+++ DATASET CONTENT +++

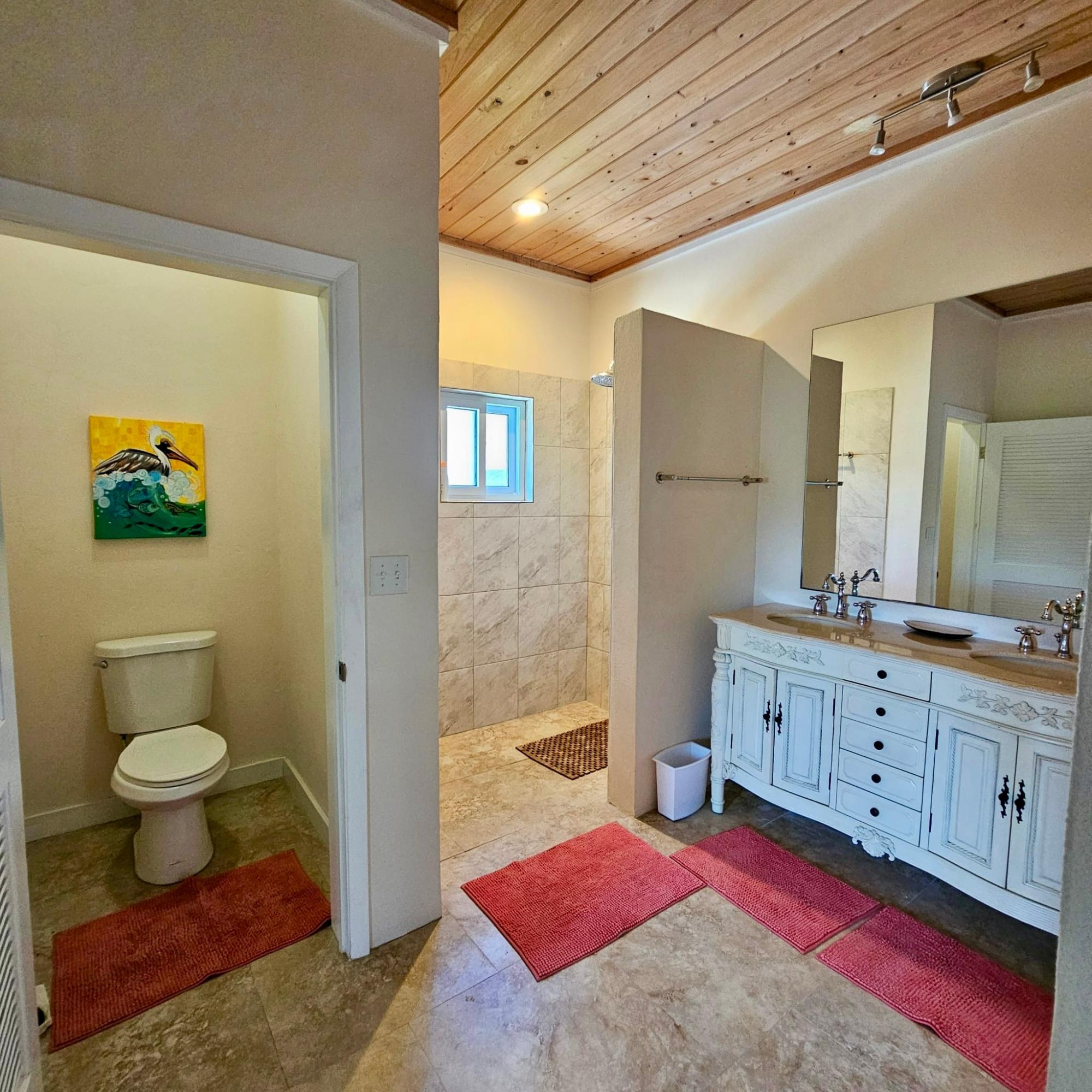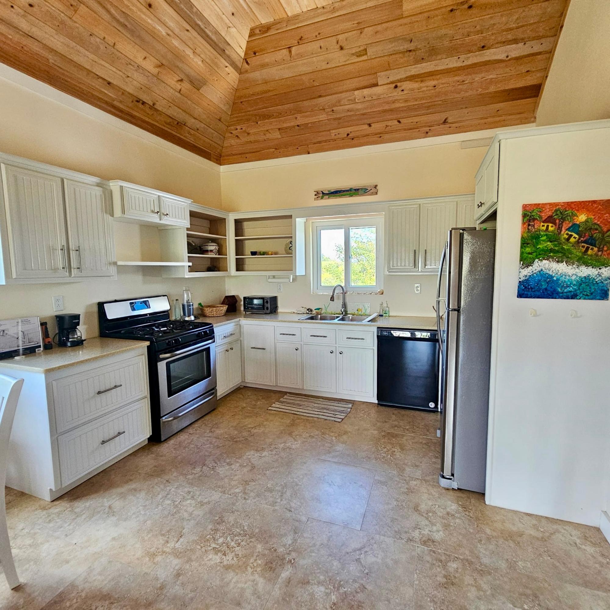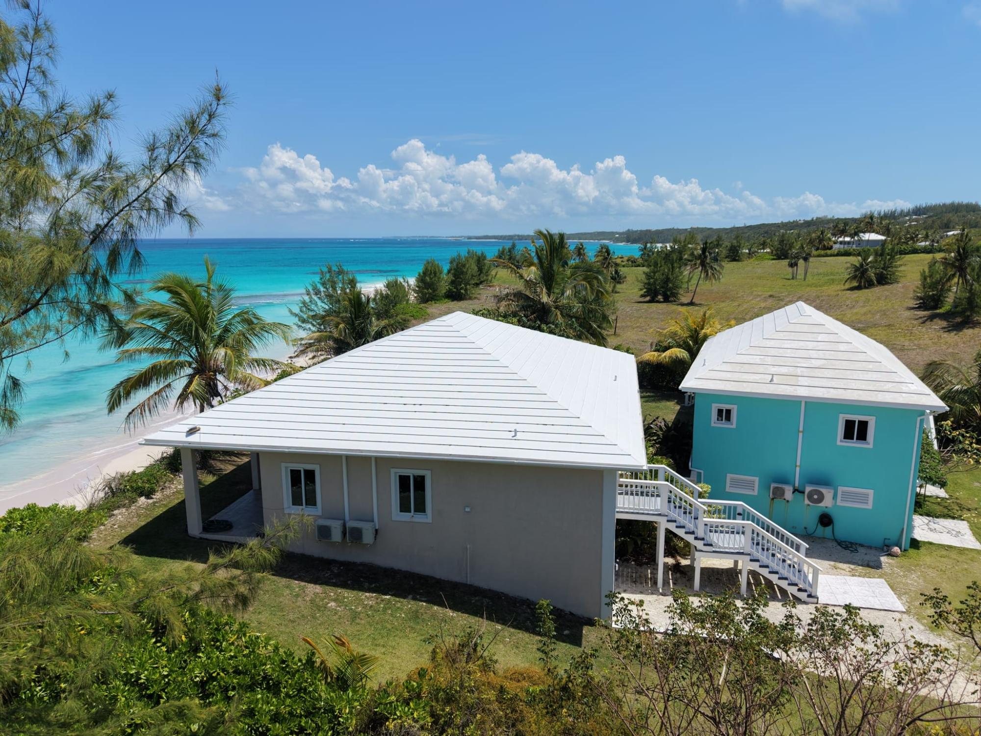 Tucked away off the beaten path on nearly one acre of lush island landscape, Ocean Breeze House and Coconut Cottage offer the perfect blend of privacy, comfort, and breathtaking natural beauty. With 100 feet of pristine beachfront, this exceptional property captures uninterrupted ocean views in a serene setting. The main residence and charming cottage together provide an impressive 4,800 sq. ft. of living space, featuring 3 bedrooms and 3 bathrooms. Both homes are thoughtfully designed with 9-foot high wood ceilings, elegant hardwood kitchen and bathroom cabinetry with Corian countertops, and sleek rectified ceramic tile flooring throughout. Modern stainless-steel appliances, hurricane-impact windows and doors, and a classic Bermuda-style roof ensure both style and durability. Additional amenities include a spacious three-car garage with workshop, as well as a 17KW propane generator for peace of mind. Offered fully furnished, this .991-acre property is move-in ready.
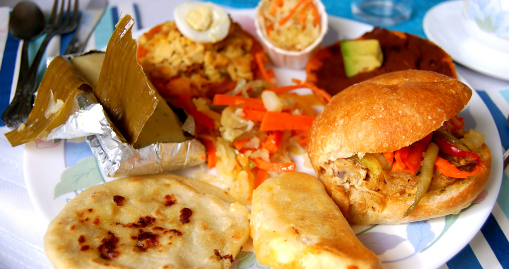 La pupusa est considérée comme le plat national du Salvador. On la trouve partout, des stands de nourriture de rue aux restaurants haut de gamme. Ce délicieux plat se compose d’une épaisse tortilla de maïs faite à la main et remplie d’une variété d’ingrédients tels que du fromage, du chicharrón (porc frit transformé en pâte), du bœuf, du poulet, des haricots frits et des légumes comme la courge. Elle est généralement accompagnée d’une salade de chou mariné appelée curtido et d’une salsa roja (sauce tomate).
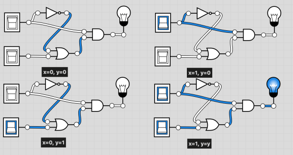 For example, consider the expression . This expression uses three logic gates: one “not” gate (for
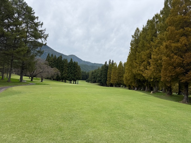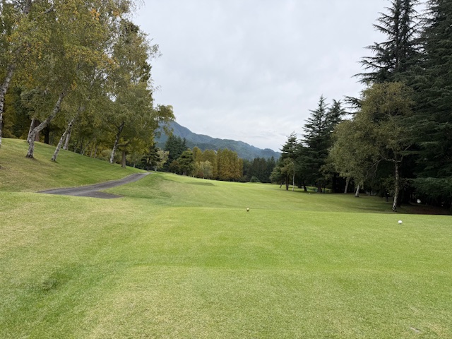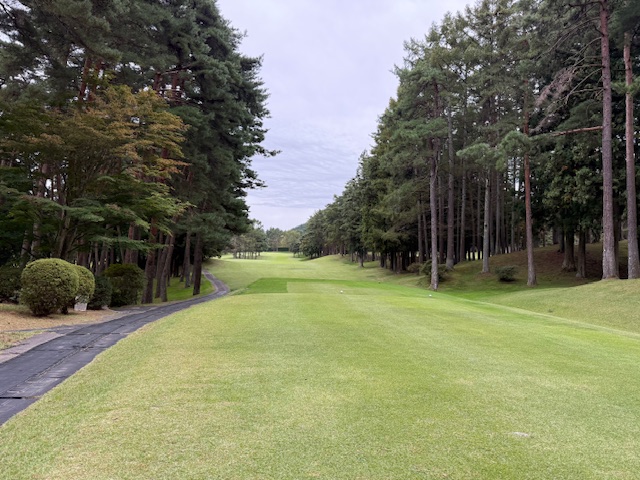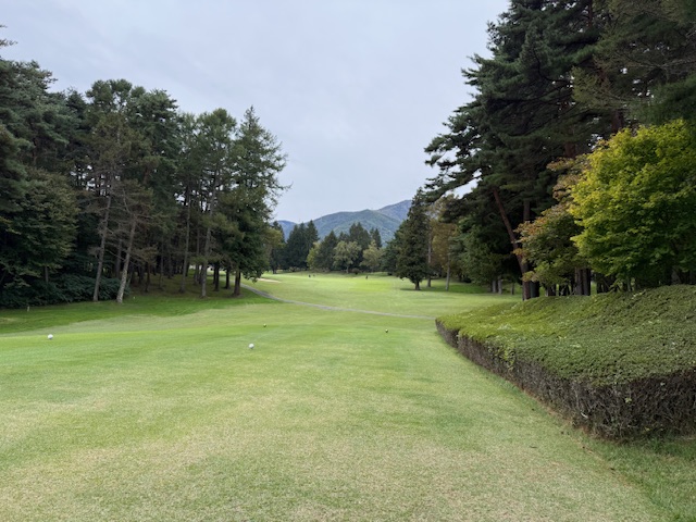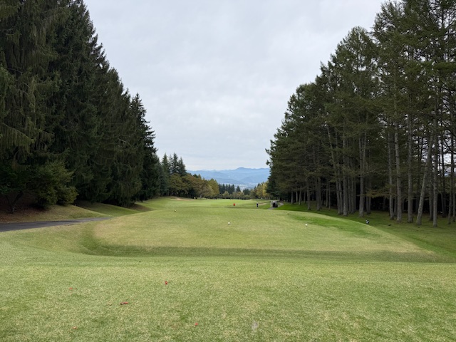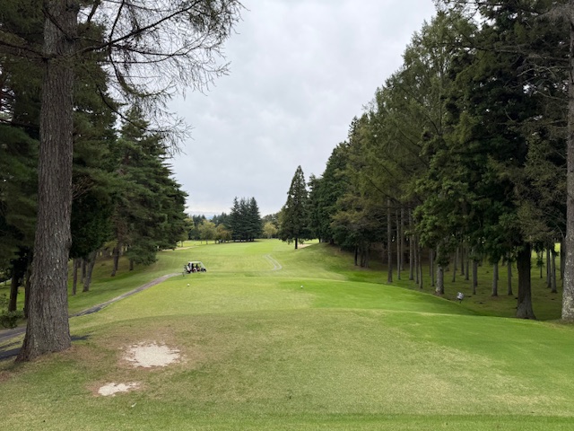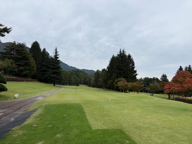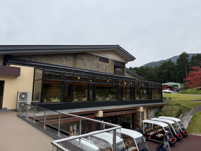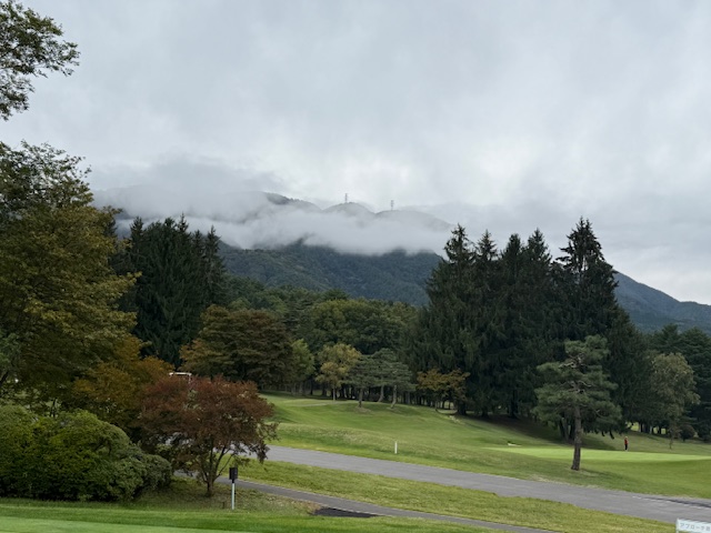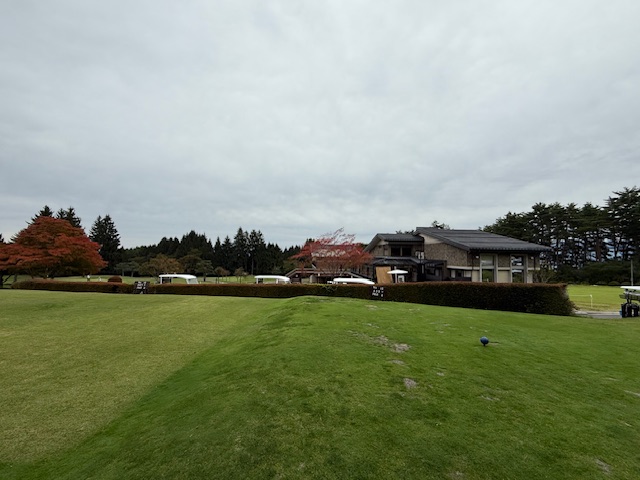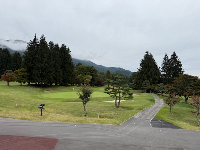 かがやきに乗り、長野駅で降りて、レンタカーに乗り、約1時間で穂高カントリークラブに到着。気温は11度でした。

+++

EXERCISE BRIEF: The data is to be printed again exactly, but without its pictures.

ANSWER SPACE:
 Tucked away off the beaten path on nearly one acre of lush island landscape, Ocean Breeze House and Coconut Cottage offer the perfect blend of privacy, comfort, and breathtaking natural beauty. With 100 feet of pristine beachfront, this exceptional property captures uninterrupted ocean views in a serene setting. The main residence and charming cottage together provide an impressive 4,800 sq. ft. of living space, featuring 3 bedrooms and 3 bathrooms. Both homes are thoughtfully designed with 9-foot high wood ceilings, elegant hardwood kitchen and bathroom cabinetry with Corian countertops, and sleek rectified ceramic tile flooring throughout. Modern stainless-steel appliances, hurricane-impact windows and doors, and a classic Bermuda-style roof ensure both style and durability. Additional amenities include a spacious three-car garage with workshop, as well as a 17KW propane generator for peace of mind. Offered fully furnished, this .991-acre property is move-in ready.
 La pupusa est considérée comme le plat national du Salvador. On la trouve partout, des stands de nourriture de rue aux restaurants haut de gamme. Ce délicieux plat se compose d’une épaisse tortilla de maïs faite à la main et remplie d’une variété d’ingrédients tels que du fromage, du chicharrón (porc frit transformé en pâte), du bœuf, du poulet, des haricots frits et des légumes comme la courge. Elle est généralement accompagnée d’une salade de chou mariné appelée curtido et d’une salsa roja (sauce tomate).
 For example, consider the expression . This expression uses three logic gates: one “not” gate (for
 かがやきに乗り、長野駅で降りて、レンタカーに乗り、約1時間で穂高カントリークラブに到着。気温は11度でした。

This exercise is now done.